You will hear what I have heard for years: “It is great and powerful, but it is not for our readers.” Or – It is a risky picture and we can't do it.” The mass media is mainly a form of escape. And someone said many, many years ago that no white person is going to make his escape personality black, especially in this country. I don't think we should be deluded about that.

Mr. Scheuer. Here exactly is that kind of challenge that we hope the commission will face squarely.


Mr. Baldwin. We are terribly penalized in this country, every single one of us, famous and obscure. It is like being what America still considers one of your niggers.
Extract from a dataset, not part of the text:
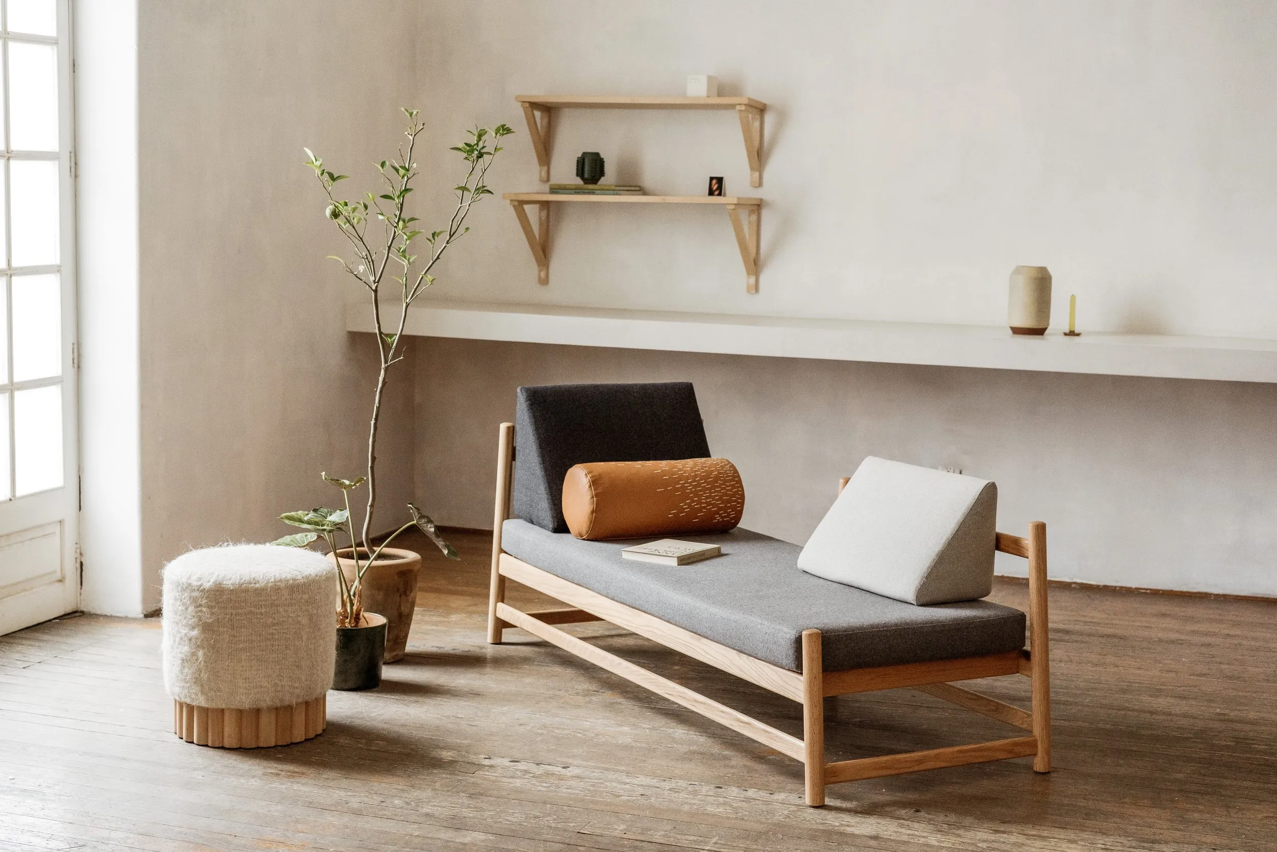 A daybed is the piece of furniture that every room needs, whether it knows it or not. The “Pita” Daybed’s subtle lines in woodturned oak invite you to take a breath, close your eyes, and halt the passage of time. Pita’s name comes from piteado, the traditional embroidery technique used on the cylindrical leather cushion whose pattern resembles falling rain. Rest your head on this cushion and the rain will wash away the weight of your day.

This commission has begun to break down that terrifying heritage,which, after all, destroys the white child too.


Mr. Scheuer. That was the point I was trying to make with Mr. Innis before you came. The 90-percent white majority has as much or more of an interest in this purification process, because they are deprived by not knowing of Negro history and culture.
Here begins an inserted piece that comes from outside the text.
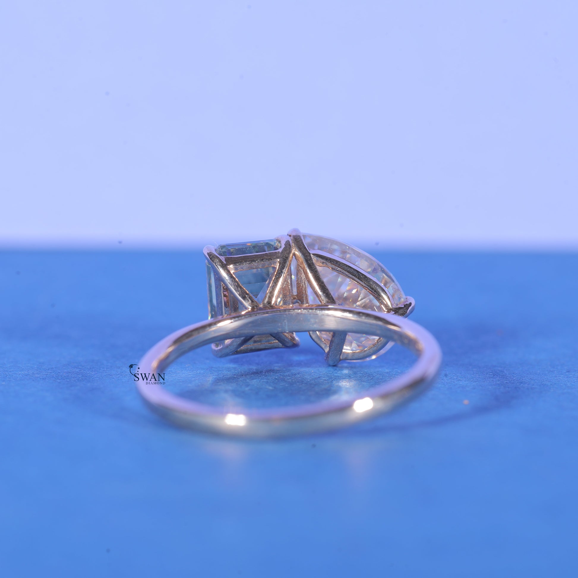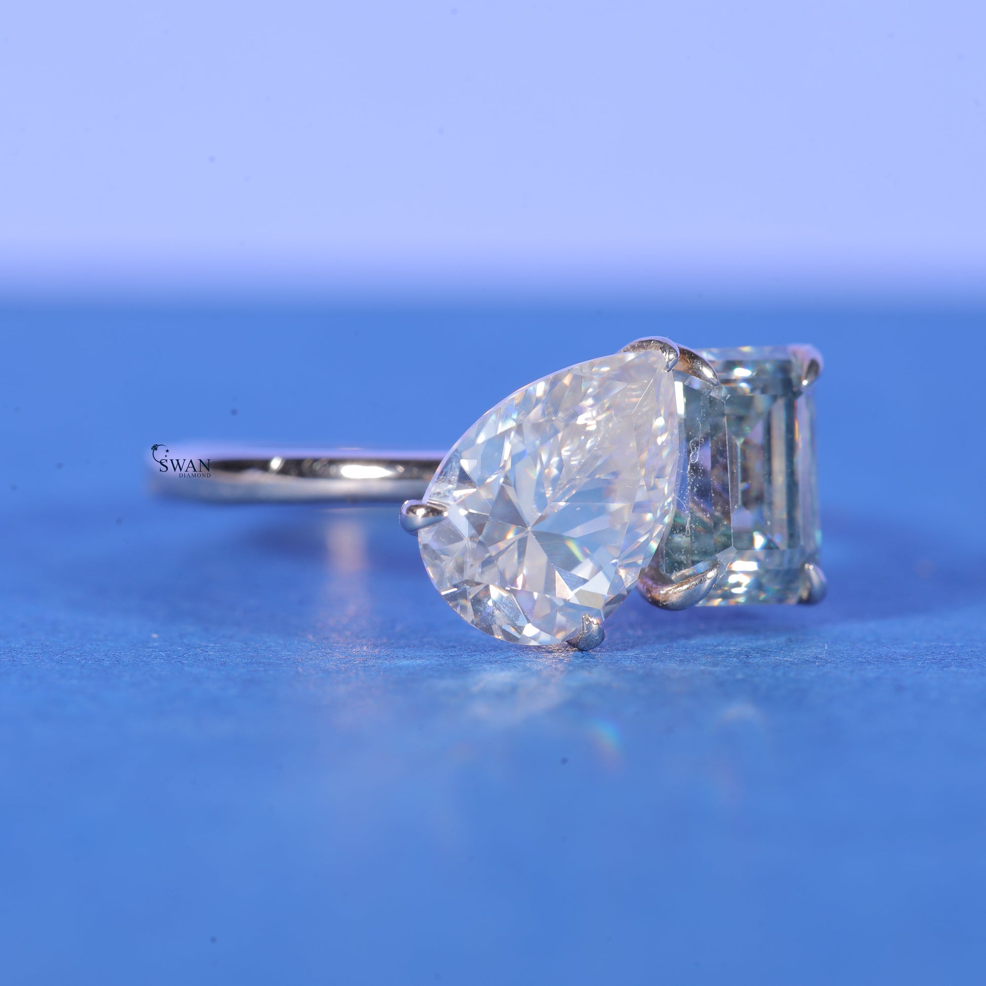 Emerald And Pear Cut Lab Grown VVS1 Diamond Engagement Rings

Mr. Baldwin. They are frightened. I don't hate white people; I don't have to. I am not afraid of you. You face a Southern deputy, and he does hate you- because he is scared to death of you. He is the one who is in trouble, and that is the man you have to liberate.


Mr. Scheuer. We can't thank you enough for coming to see us. You certainly deserve the door prize for having come the longest distance. We are grateful, and we benefited greatly by your views.


Mr. Baldwin. I am in complete accord with this bill and in teaching black history in the schools. Some of the things I have heard I have disagreed with, and some I have agreed with. I think primarily the problem is one of getting black history in the schools. If it is wanted by blacks and whites, I think this would solve some of the problems, if cooperation is wanted.

This is needed to curb the things that are going on and some terrible things that will continue to go on. I think a lot of hysteria has been created primarily by whites, who basically have not understood blacks, who have not treated them as human beings.

Everyone has basic emotions of hate, fear, and love, and I think the whites in this country have used the machinery of propaganda very skillfully. You find blacks who want to know something about their history and you find whites who don't understand or who are fearful. They will publicize this sort of thing as a hate gathering and a hate meeting, when actually it could possibly be a historical meeting that whites and blacks could learn from.

3 comments:

  1. Tags: Cassius,Muhammad, Ali , Clay, bad nigger, heroes, South Bronx, Harlem, Bedford-Stuyvesant, ghetto, plague, George Washington, Abraham Lincoln, myth, gods, Birmingham, bombs, Christian, Christmas, Christ, Santa Claus, Pledge of Allegiance, Negro, kidnapped, textbooks,Guess Who's Coming To Dinner, mass media, deputy, scared, terrifying, black history, heritage, propaganda.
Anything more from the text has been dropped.